Frequently Asked Questions

Do I need any equipment for the qualification round?

No, everything is online and remote.

What equipment is necessary and what is allowed to bring on-site for the finals?

For the finals, participants will need to bring their own laptops with their preferred tools and software pre-installed, to be able to prepare and launch their attacks against the target space system. Participants to the finals are forbidden to bring any antennas of any kind.

Bringing specialised hacking hardware on-site (e.g., Rubber Ducky, Pineapple) is not allowed.

A detailed list of allowed and prohibited items will be provided to the finalist teams.
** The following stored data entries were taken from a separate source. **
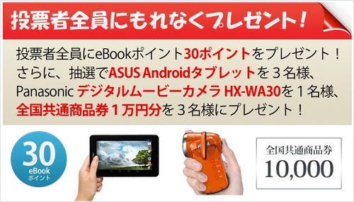 また抽選で ASUSのAndroidタブレット や パナソニックのデジタルムービーカメラ 、 全国共通商品券 1万円分が当たるプレゼントも。これは投票しておかないと…!
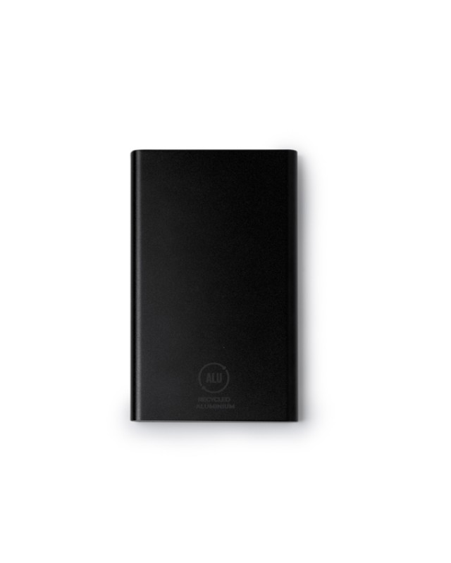 Power bank in alluminio riciclato. Capacità di 4.000 mAh. Indicatore LED. Uscita DC5V/2,1A. Cavo di tipo C incluso. Confezione in scatola di design ecologico. - Misure: [6,5cm/11cm/0,9cm] - Composizione: Aluminio reciclado - Capacidad: 4000mAh / 3.7V Entrada: DC5V/2.0A Salida: DC5V/2.0APresentación en caja diseño eco
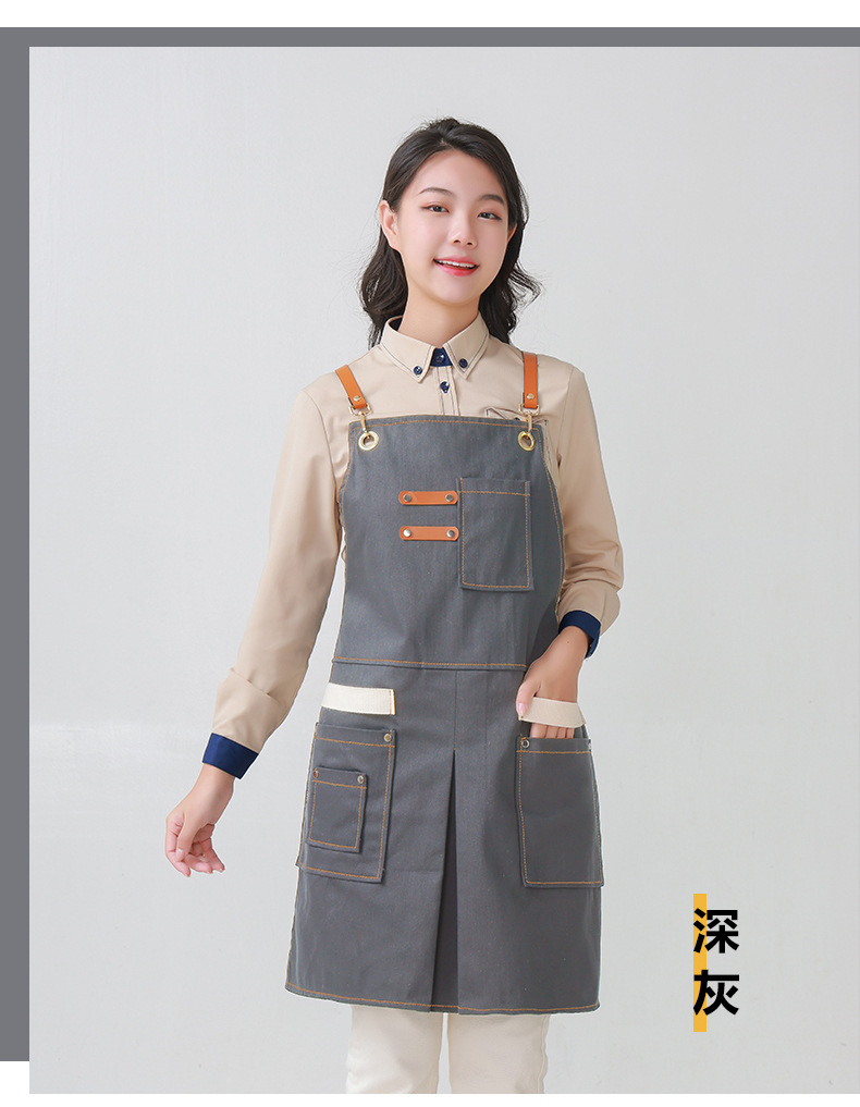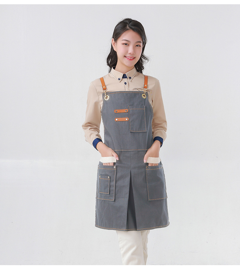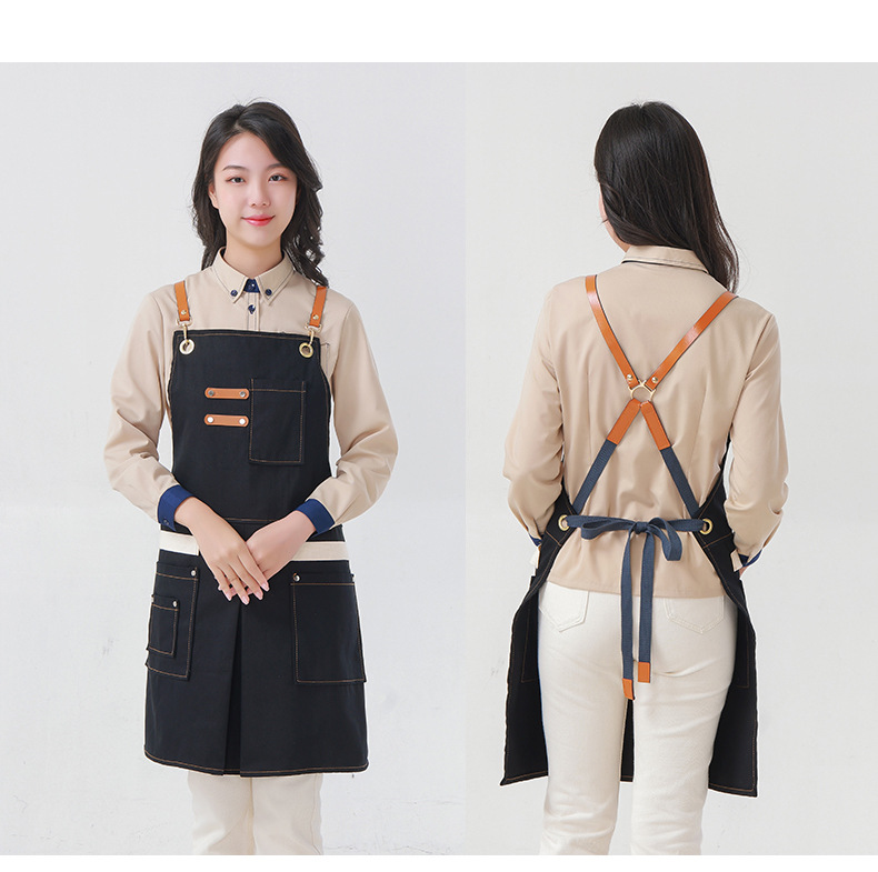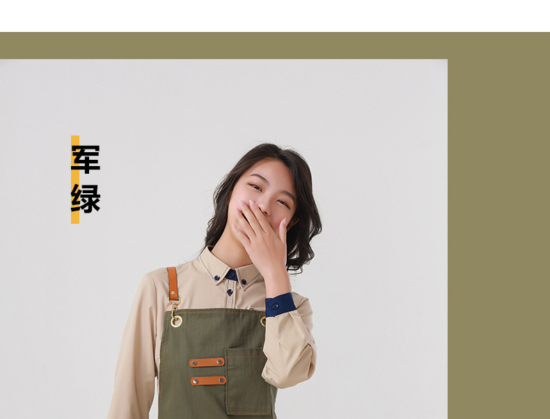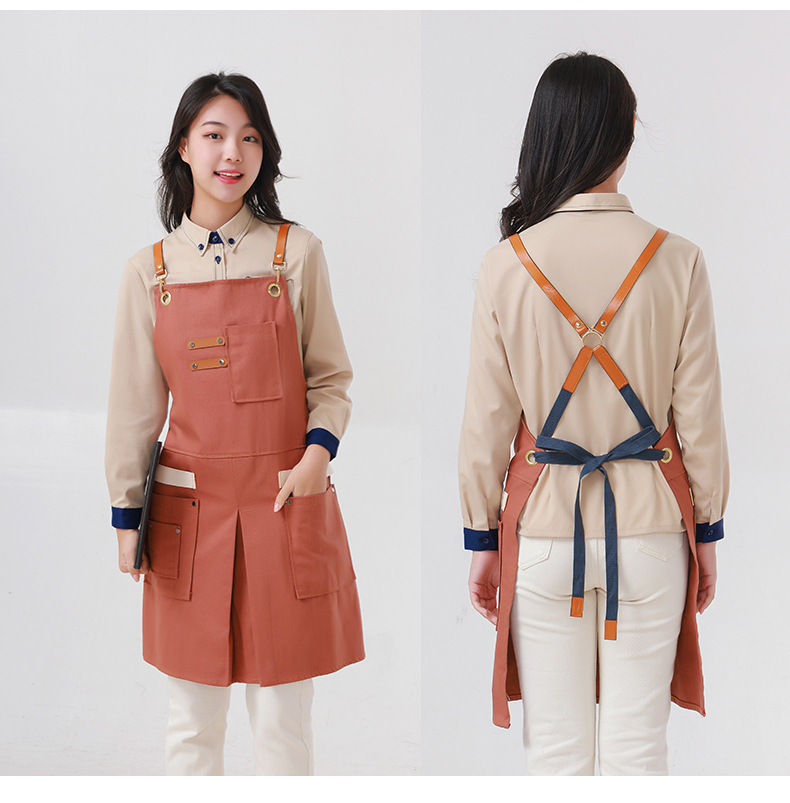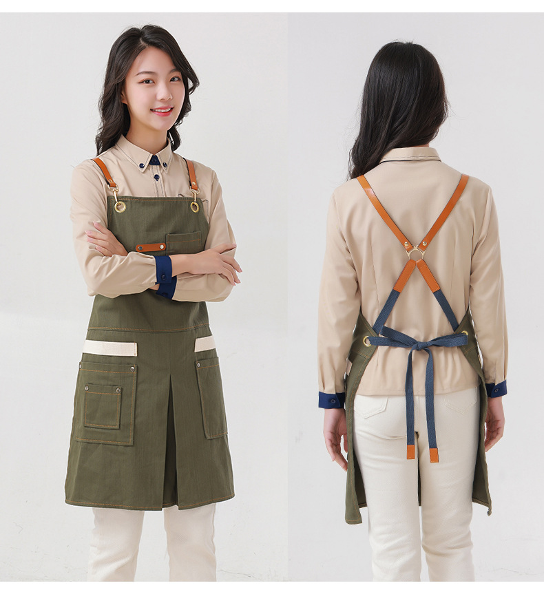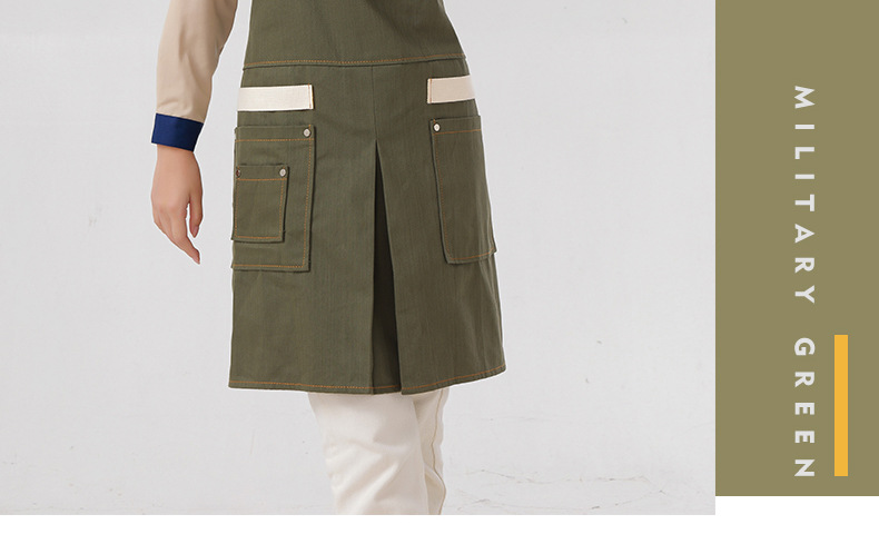 Delantal transfronterizo de algodón de sarga de Amazon, delantal de trabajo amarillo suave con abertura plegable y logotipo personalizado, venta al por mayor
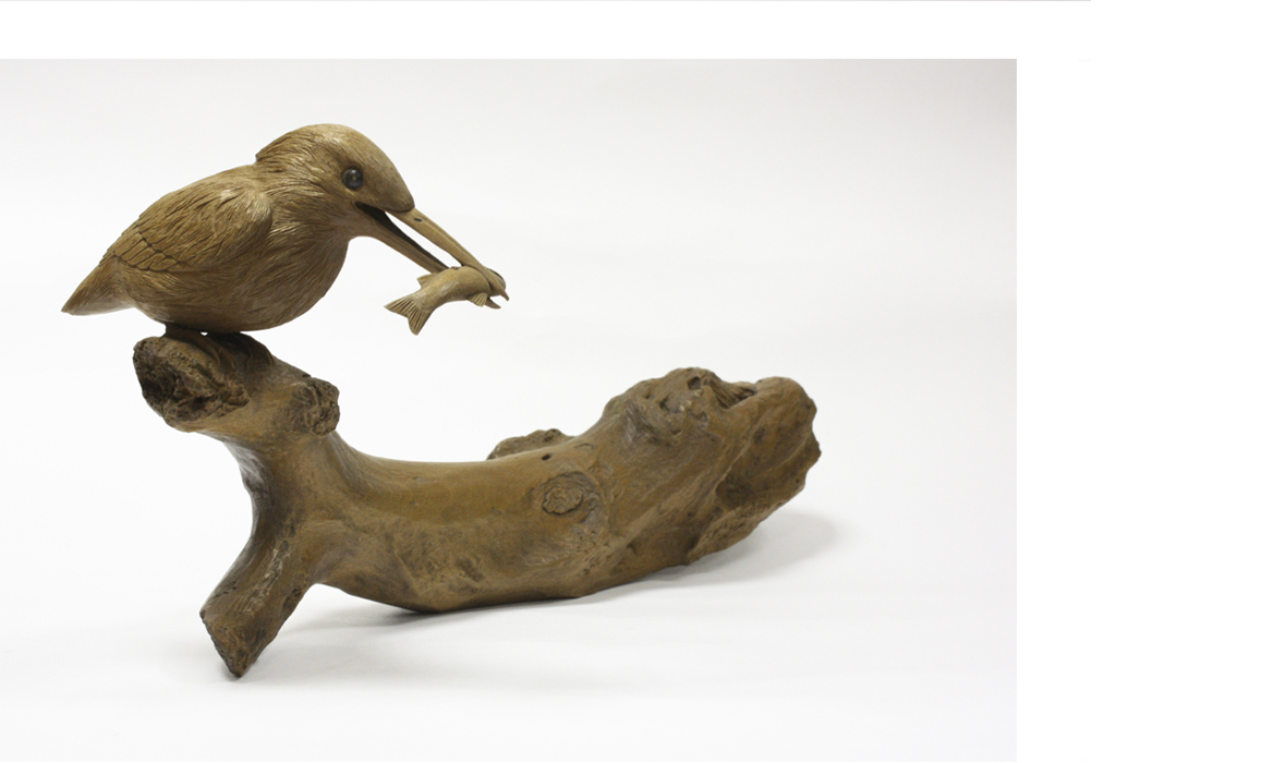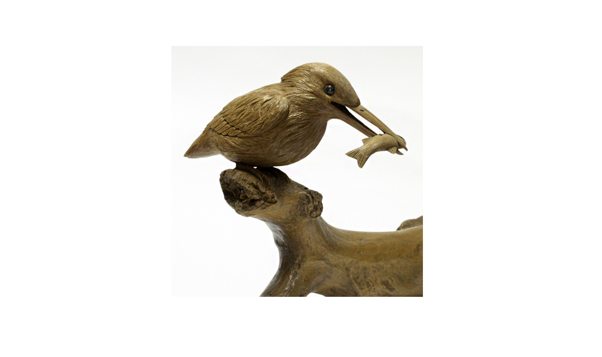 Фигура выполнена из древесины кацура и представляет собой ветку дерева над гладью воды с сидящей на ней птицей. Опытный рыбак, Нарихара Ёсиюки подробно изучил повадки животных и птиц — рыболовов, поэтому живые создания изображены с особой любовью, теплотой и детальностью. Пъедесталом фигуры служит коряга, на которой сидит птичка. Зимородка называют «королевскими рыбаками» или «королями рыбаков» за ловкость в охоте. Зимородок подкарауливает добычу, неподвижно сидя на какой-нибудь невысокой ветке, откуда камнем падает в воду, скрываясь в ней полностью, после чего тут же выныривает и взлетает. Мастер Нахиро изображает в своей работе зимородка после удачной охоты. Для своих произведений мастер выбирает цельные куски дерева кацура, из которых вырезает задуманную композицию. Резьба из цельного куска дерева делает работу очень трудоемкой, но мастер тратит огромные усилия на детальное изображение фигур. Резьба по дереву в Японии является очень древним и одним из самых почитаемых видов искусства. Педантичная работа с деталями характерна для мастеров нэцкэ, но также используется и для работы с более крупными формами.

What is the process of participating?

Teams will have to enroll in the qualification event via the CTF platform.

Will all the team come to the finals?

Each teams should consist of 2 up to 6 participants (including the team leaders). At the finals, minimum 2 team members have to participate in-person to the event on-site. It is up to the team if more than 2 (and up to 6, including team leaders) will come. You should be aware though that travelling reimbursement, sponsored by ESA Academy, has a ceiling of 1000 EUR. See the ESA Academy sponsorship section for more details.

How many people will be selected to the final event and how?

The top 5 teams of the qualification event will be invited to the finals event, based on their overall score.